It is our great pleasure to introduce this collection of papers devoted to the special issue on Data Science in Asia. The earlier versions of these extended papers were presented at 2017 Pacific-Asia Conference on Knowledge Discovery and Data Mining (PAKDD’2017), which was held in Jeju, Korea, from 23 to 26 May 2017. In PAKDD’2017, we accepted 45 papers as long-presentation papers. After the conference, we invited the authors of the long-presentation papers to submit an extended version of their papers to this special issue with JDSA. The reviewers of JDSA conducted thorough reviews for the extended papers, and the authors revised their papers based on the reviews. Finally, we accepted seven papers for this special issue.

These seven papers are roughly classified into four categories, as below.

Deep learning in data mining

  • Deep learning for detecting inappropriate content in text [1]

    In this paper, the authors proposed a novel deep learning architecture called “Convolutional Bi-Directional LSTM (C-BiLSTM)” in order to detect inappropriate contents such as hurling abuses.

Scalability and parallelism in data mining

  • Parallel edge-based visual assessment of cluster tendency on GPU [2]

    In this paper, the authors improved the visual assessment of (cluster) tendency (VAT) algorithm such that it becomes suitable to GPU parallel processing.

  • Scalable Twitter user clustering approach boosted by Personalized PageRank [3]

    In this paper, the authors proposed a scalable approach for Twitter user clustering based on content and graph features with topical relevance and influence ranking by Personalized PageRank.

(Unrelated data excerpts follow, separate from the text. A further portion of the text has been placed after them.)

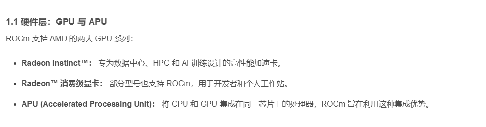 APU (Accelerated Processing Unit): 将 CPU 和 GPU 集成在同一芯片上的处理器,ROCm 旨在利用这种集成优势。
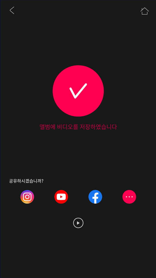 업로드까지 완료한 영상을 재생해 보면서 영상 아래의 공유 버튼을 눌러서 카카오톡을 통해 가족 또는 지인들께 공유하여 보세요.
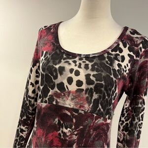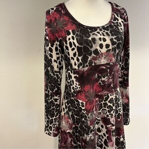 Floral and Leopard Print Long Sleeve sweater Dress size medium

Parameter tuning in data mining

  • Automated parameter tuning in one-class support vector machine: an application for damage detection [4]

    In this paper, the authors developed an automated parameter tuning of the one-class SVM for damage detection applications.

  • Stable Bayesian optimization [5]

    In this paper, the authors proposed a stable Bayesian optimization technique which can be commonly used for hyper-parameter tuning in machine learning.

Similarity matching in data mining

  • Drug prescription support in dental clinics through drug corpus mining [6]

    In this paper, the authors suggested an approach to obtain the similarity ratio between the drug that the dentist is going to prescribe and the drug that the patient is currently taking.

  • Inferring variable labels using outlines of data in Data Jackets by considering similarity and co-occurrence [7]

    In this paper, the authors focused on similarity among the outlines of Data Jackets (DJs) and presented two models for inferring variable labels (VLs) based on the similarity and the co-occurrence of the VLs.